Carotenoids synthesis is illustrated as occurring in specialized plastids termed chromoplasts. The carotenoid precursors, isopentyl pyrophosphate (IPP) and dimethylallyl pyrophosphate (DMAPP), can be derived from the cytosolic MVA pathway, which uses acetyl CoA (Coenzyme A) as a precursor with the rate-limiting step being catalyzed by HMG CoA reductase (HMGCR, hydroxy methyl glutaryl CoA reductase, Ibat.Brg.10D_G005640.1), or IPP and DMAPP can be derived from the plastid MEP pathway, which uses the glycolytic intermediates glyceraldehyde 3-phosphate (G3P) and pyruvate as precursors. Geranylgeranyl pyrophosphate synthase (GGPS, Ibat.Brg.03B_G010240.1) catalyzes the synthesis of geranylgeranyl pyrophosphate (GGPP) from IPP and DMAPP. GGPP is a precursor of other terpenoids including chlorophylls and gibberellins in addition to carotenoids. The first carotenoid, phytoene, is synthesized by phytoene synthase (PSY) which is stabilized by the OR, and OR is involved in promoting chromoplast development. Plastid division 1 (Ibat.Brg.12E_G025470.1) is another candidate gene from this study that plays a key role in plastid development and has been shown to affect β-carotene levels in other species [33]. Beta-carotene hydroxylase (BCH, Ibat.Brg.03B_G011090.1) oxidizes β-carotene thereby decreasing β-carotene levels, and carotenoids produced downstream of BCH can be converted to the hormone abscisic acid.

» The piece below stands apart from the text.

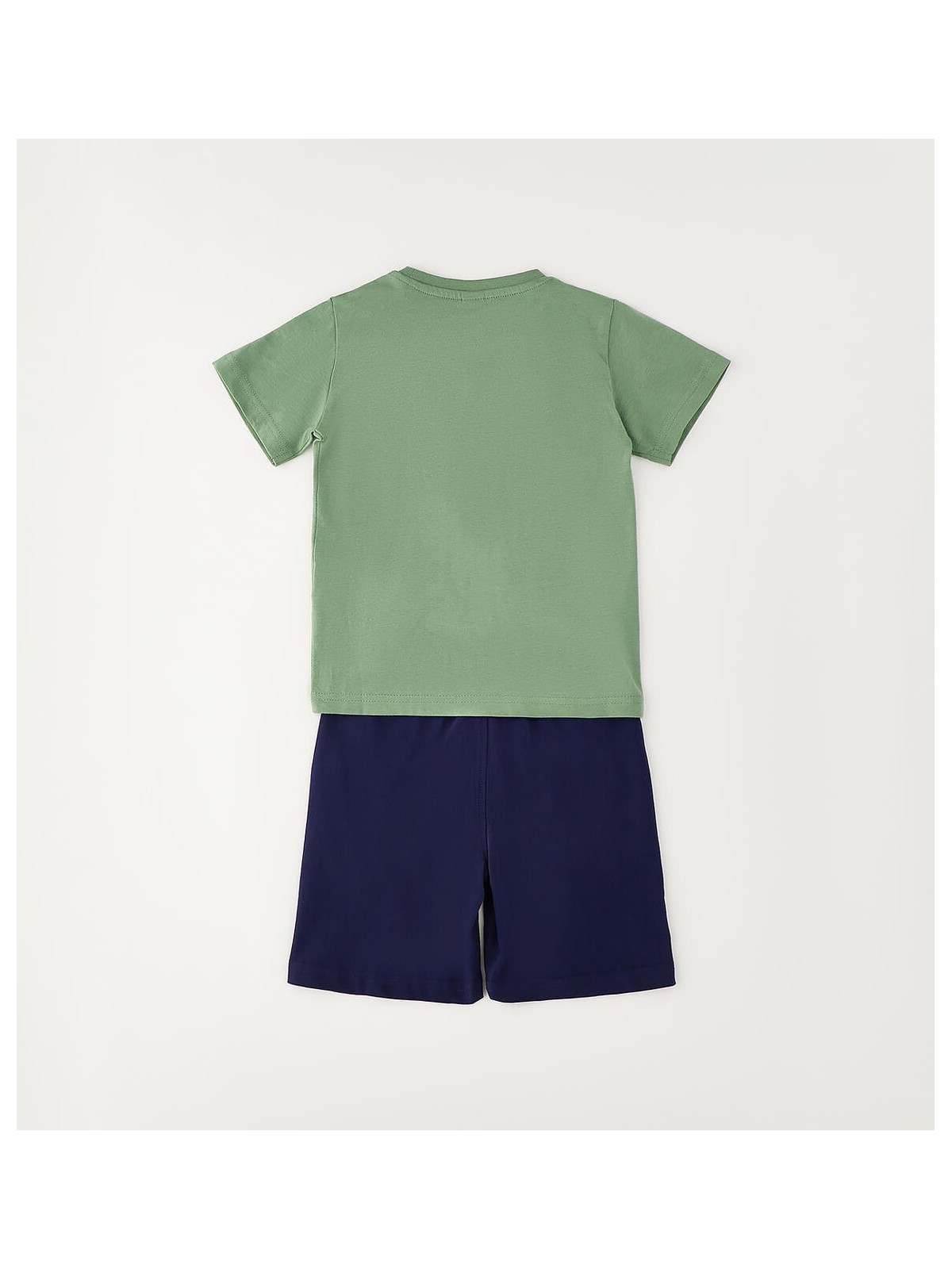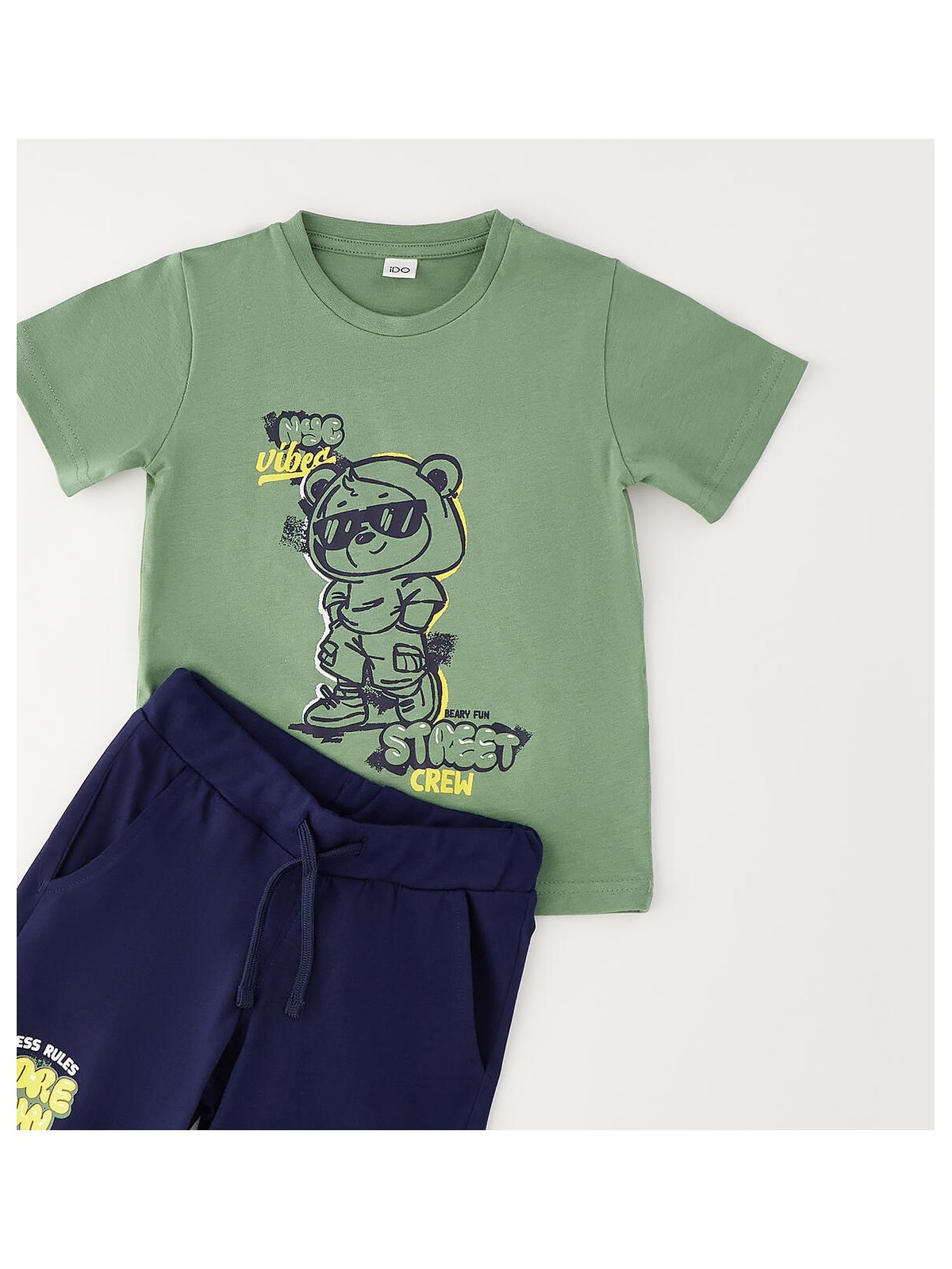 Completo manica corta per bambino iDO realizzato in jersey 100% cotone. T-shirt con stampa. Pantalone con elastico in vita e coulisse. Lunghezza al ginocchio.

The isopropanoid pathway for anthocyanin biosynthesis is also illustrated. The glycolytic intermediate PEP (phosphoenolpyruvate) and the pentose phosphate pathway (not illustrated) intermediate E4P (erythritol 4-phosphate) can enter the shikimate pathway, which occurs within plastids and forms precursors for anthocyanin synthesis and wherein chorismate mutase (Ibat.Brg.12C_G007840.1; Ibat.Brg.12D_G007270.1) catalyzes the rate-limiting step [54] and phenylalanine (Phe) is synthesized. Phe is converted to the flavonoid precursor p-coumaroyl. Chalcone-flavanone isomerase (CFI, Ibat.Brg.12C_G028940.1), flavanone 3-hydroxylase (F3H, Ibat.Brg.12C_G004290.1), dihydroflavonol reductase (DFR, Ibat.Brg.12C_G004710.1), and UDP-glucose flavonoid 3-O-glucosyltransferase (UFGT, Ibat.Brg.04A_G012160.1) act consecutively in the synthesis of anthocyanins and, remarkably, each of these genes were identified here as potentially important sweet potato root trait modifiers.

3.3. Transmembrane Transporters Affect Sweet Potato Metabolism

In Figure 3, the blue icons in the schematic represent the transmembrane transporters. As illustrated, anthocyanins are stored in vacuoles and thus require transmembrane transport. Transmembrane transporters are included to illustrate that metabolites such as ADPG may require transport across membranes, depending on whether ADPG used for starch synthesis is synthesized in the cytosol or plastid. Differences in expression of transporters for ADPG or G1P would be expected to impact metabolic flux. In addition, transporters such as H⁺/ATPases (Ibat.Brg.03D_G014090.1), are involved in establishing electrochemical gradients utilized by other transporters [55]. Any mutations affecting the expression or structure of any of the enzymes or metabolite transporters illustrated in the figure could impact storage root traits of starch and pigment production. Five of the twenty-eight storage root trait SNPs identified here are located within genes for transmembrane transporters, and multiple additional genes encoding metabolite and ion transporters are located close to many of the SNPs—Table 2 lists some of these transporter genes and a complete list of all the transmembrane transporter genes identified here appears in Table S8.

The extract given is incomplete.